Elizabeth "Liz" Ann Hawley (* 9. November 1923 in Chicago , Illinois ; † 26. January 2018 in Kathmandu , Nepal ) was an American journalist and chronicler of Himalayan - expeditions . Hawley's Himalayan Database , which has been almost completely maintained since the early 1960s, contains more than 9,600 expeditions and 70,000 climbers (as of January 2018). She was a supporter of the Himalayan Trust , founded by Edmund Hillary , which promotes the economy in Solukhumbu and improves the living conditions of the people there. Hawley was the Honorary Consul of New Zealand in Nepal.

Life

Family background

Elizabeth Hawley's maternal grandfather was Edward Everett Gore, an entrepreneur and auditor from Carlinville . He had graduated from a business college in Jacksonville, Illinois and trained in a law firm before moving to Chicago with his wife and children in 1895 . There, entrepreneurial success as well as social and political commitment made him one of the most respected citizens of the city. As President of the Chicago Crime Commission , he led the fight against alcohol smuggling in the United States during alcohol prohibition . The Al Capone criminal syndicate therefore threatened him several times with his murder. His wife, Amanda, was also an academic , which was particularly unusual for a woman of her time. In 1894 the couple's first child was born, Elizabeth Hawley's future mother, Florelle. Florelle studied English literature at Northwestern University and graduated summa cum laude . While at college, she met Elizabeth's father, Frank, a descendant of immigrants who settled in Hawleyville in the 17th century , and married him. Born in 1893, he was in the First World War in the US Navy served. After graduating as an auditor , he joined his father's company. Florelle worked for the women's rights organization League of Women Voters . The couple first moved to the Chicago suburb of La Grange .

Childhood and youth

Elizabeth Hawley was the second child of the Hawleys, born three years after her brother John. The family soon moved to Yonkers in the US state of New York , but the mother and the children moved to Indiana only a little later to take care of her father's estate. This took a total of four years, during which she and the children lived apart from her husband and father. Although Elizabeth Hawley's parents were not particularly religious, she attended Sunday school here , as was expected of a middle-class child of the day. After Elizabeth's mother's inheritance issues had been resolved, the family moved into a shared home in Birmingham, Michigan , where young Elizabeth attended secondary school. During this time, she became seriously ill with polio , but survived the infection without lasting consequences. When the Great Depression made it impossible for her father to do business in Michigan, the Hawleys moved to New York City and chose the prestigious Scarsdale school for Elizabeth . During Elizabeth's high school years, they bought a summer home in Dorset, Vermont . From here, Frank Hawley and his daughter went on long walks through the surrounding hills. Although Elizabeth Hawley was not as close to him as to her mother - Hawley biographer Bernadette McDonald suspects the cause of this was the four-year separation of the family - her father had a strong influence on his daughter's career. He showed an interest in their school education and their social interaction, introduced them to people and, thanks to his financial skills, ensured the family's standard of living even during the economically difficult times of the Depression and World War II , which made it possible for both children to go to university.

Education

In 1941, Elizabeth Hawley began her studies at the University of Michigan . She took courses in political science , English , zoology , history and temporarily - without her own interest, but following the will of her father - mathematics . She showed particular enthusiasm for the lectures given by history professor Preston Slosson. Slosson's attention was drawn to the dedicated student Hawley, and he and his wife invited her to evening social gatherings to discuss topical political or economic issues. Hawley also served on the board of a student association that hosted faculty-wide lectures and debates between faculty and students. What she liked about this position was that it enabled her to get to know how organizations work and to establish close contacts with professors and other decision-makers.

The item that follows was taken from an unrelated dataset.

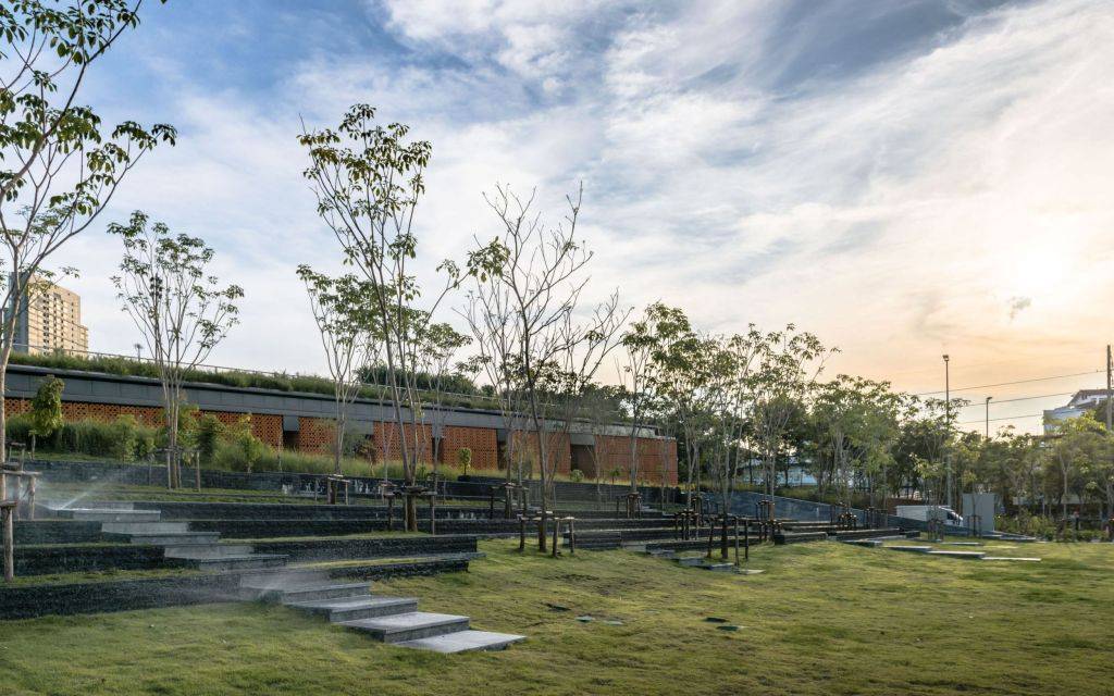 這個(gè)高達(dá)10.5米的綠色屋頂是設(shè)計(jì)師Voraakhom在整個(gè)公園中最喜歡的地方,她說:“曼谷是一個(gè)平坦的城市,當(dāng)你去公園的時(shí)候,幾乎不會(huì)感受到海拔的升高。但在這里,當(dāng)你走上綠色屋頂,你可以在全新角度看到城市的景色,這是一個(gè)非常不同的體驗(yàn)。盡管我在這里出生,并在這里生活了一輩子,但從這里看到的曼谷仍然令人驚訝。

In November 1944 she accepted a position as a research assistant in the history department of her university. With Slosson's support, she also appeared on several occasions as a speaker on international affairs. The private connection with the Slosson couple deepened, and in the summer of 1944 Hawley even moved in with them. In September of the same year, she completed her studies with a BA thesis in history, in which she investigated the causes of war. Through further studies, she finally obtained the academic degree Master of Arts .

Career entry and travel years

In 1946 Hawley accepted a position as a researcher and documentary journalist in New York with the business magazine Fortune . The employment involved travels within the USA, but also to Canada and Brazil ; Hawley's frugal lifestyle saved herself the money for additional trips abroad during her vacation time. The first took her in 1948 on board the RMS Queen Mary across the Atlantic to London , after which she first visited rural parts of Great Britain , then the European cities of Paris , Rome and Florence . In 1949, shortly after she returned from Europe, her brother John died unexpectedly of cancer at the age of 35. Hawley's early death hit Hawley - now sibling - hard, but reports from friends and relatives say she remained composed.

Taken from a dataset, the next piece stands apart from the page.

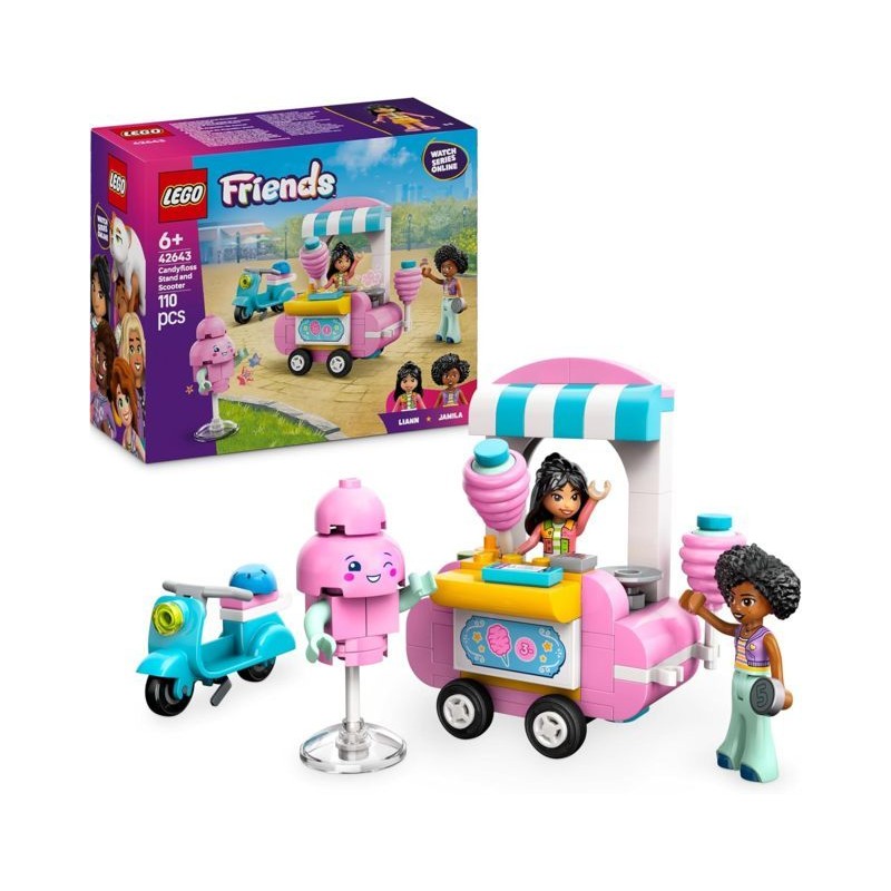 Kit di costruzioni LEGO Friends per bambini e bambine da 6 anni in su il gioco di ruolo della Bancarella di Zucchero Filato e Scooter LEGO Friends contiene 2 mini bamboline un carrello con ruote e uno scooter giocattolo con cavalletto

In the following years Hawley made extensive trips, most of the time alone. In the summer of 1949 she visited the war-torn countries of Germany and Austria , then she was in Monte Carlo and took the Orient Express to Trieste . Then followed a tour of Yugoslavia . Hawley met people from a wide variety of social classes, from the rural population from the poorest backgrounds to the highest government officials such as Marshal Tito . Two years later she traveled to bombed-out Berlin , then to Finland . In 1953 she began her first trip to Africa, which took her to Tunisia , Algeria and Morocco . In the following years she was in the Middle East and again in Africa, this time in Sudan and in not yet independent Kenya .

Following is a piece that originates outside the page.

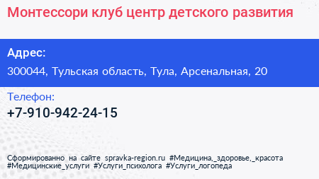 Монтессори клуб, центр детского развития по адресу 300044, Тульская область, Тула, Арсенальная, 20 в дальнейшем Организация, размещена в следующих категориях:

After eleven years with Fortune , Hawley quit her job with the magazine in 1956. Although her work there was always recognized, she saw no possibility of professional advancement. At that time, research at Fortune was done exclusively by women, while the journalists were all male. Hawley also wanted to expand her travel activities.

On April 16, 1957, she set out on a two-year trip around the world. Mostly traveling by train or bus, she initially opened up Eastern Europe. It reached Warsaw via Paris , followed by a tour of Poland , Sweden and Finland , then Leningrad , Moscow , Stalingrad and the rural areas of the Soviet Union . A boat trip on the Volga and Don took them to Rostov and as far as the Georgian Gori , and via Kiev they came back to Moscow. In July she made a stopover in Vienna and had to change her further travel plans because as an individual traveler she had been refused entry to Romania . She arrived in Prague at the end of the month , then drove through West Germany , Greece and Italy to arrive back in Belgrade in December. The following year, Hawley toured the Middle East again with stops in Turkey , Israel , Iran , Lebanon and Jordan . In order to be able to travel between Israel and the Arab states without any problems, Hawley had her visas not stamped on their passports by indulgent officials, but certified on a separate piece of paper. She also carried a certificate from her previous Sunday School with her; so she could prove that she was not a Jew. In 1959 she traveled through South Asia with Nepal , then by boat to Southeast Asia and via Japan back to the United States. She was particularly fascinated by the strangeness of Nepal, which had only opened its borders to foreigners in 1950. After the trip, she decided to emigrate to Nepal.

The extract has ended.